Third, you need to let your friends and loved ones come up with the relationship stress value and not assume a value for them. The real benefit in the methodology is the thought process and discussions you have along the way. Don't shortcut how your stress type values are determined or you'll miss out on some valuable nuggets.
Fourth, the methodology applies to any type of career change which involves new or different responsibilities, including promotions. Most of us are wired to blindly accept promotions without regard for the additional stress which may accompany the promotion.
Fifth, there will likely be stress in any job change; make sure you look at your steady-state stress level versus the "learning curve" stress level.

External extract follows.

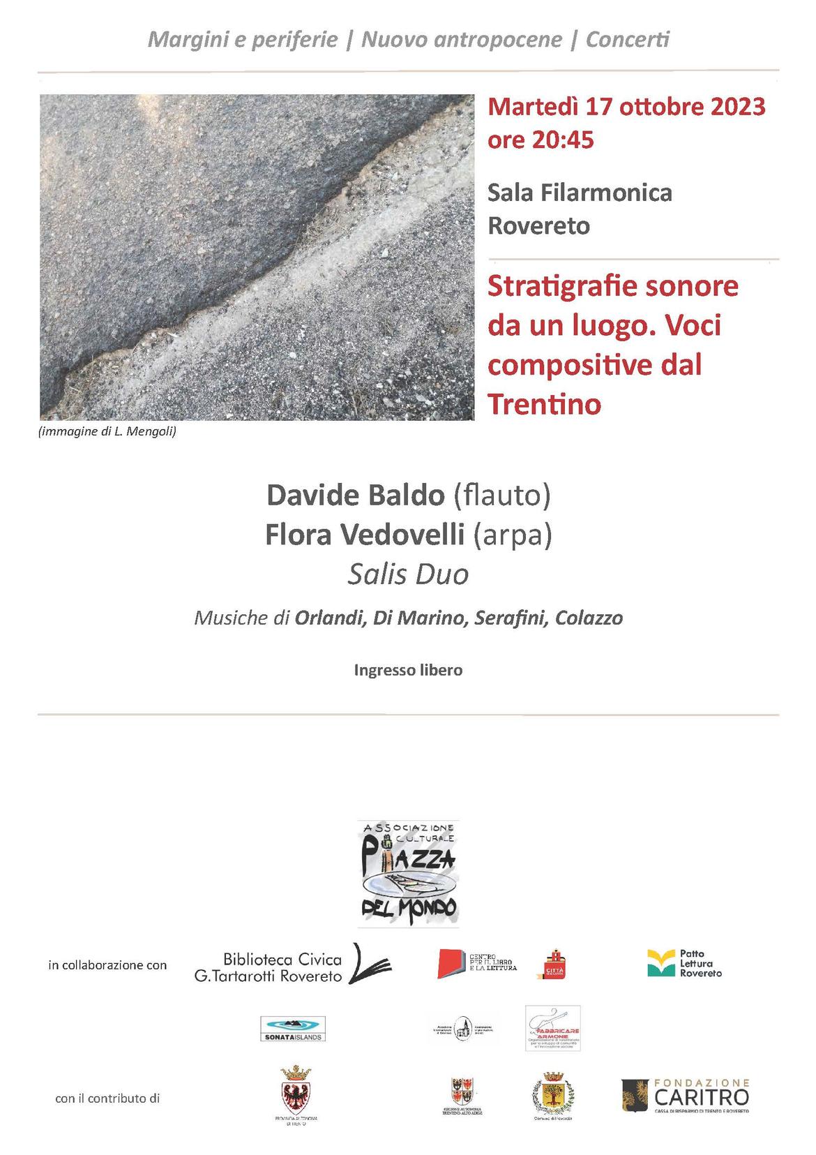 Martedì 17 ottobre 2023, alle ore 20:45, propone un concerto alla Sala Filarmonica di Rovereto, dal titolo “Stratigrafie sonore da un luogo. Voci compositive dal Trentino”, con musiche di compositori dal Trentino, Paolo Orlandi, Roberto Di Marino, Eddy Serafini, Cosimo Colazzo, interprete il Duo Salis, con Davide Baldo al flauto e Flora Vedovelli all’arpa.

When faced with your next career decision, follow these five steps to assess your impact of stress and help you decide on your career choice course of action:
- Ask a lot of questions about the job and the degree of relationship, personal and work stress entailed in the job. Seek out others who may have done the job before or others who have some inside perspective.
- Look at the job responsibilities (both stated and those you derive through interviews) and determine how much stress each of the responsibilities will create for you. Decide on a 1-3 work stress value.
- Write down the personal activities and goals you have (i.e. exercise 4x/week, sleep at least 7 hours a night) and determine how the career choice would impact each of the activities and goals. Decide on a 1-3 personal stress value.
- Openly discuss with your friends and loved ones what the career choice would mean in terms of impact to relationship time (i.e. not being home for dinner, availability to help with homework) and ask them to decide on a 1-3 relationship stress value.
- Derive the increase/decrease in stress for each of the three stress types.
- Decide how you're going to factor the impact of stress into your overall decision.
Remember, the real benefit in utilizing the impact of stress methodology is in the discovery process you'll go through to understand relationship, personal, and work stress drivers for different career choices. Be real with yourself as to how a career choice will affect you and those you love.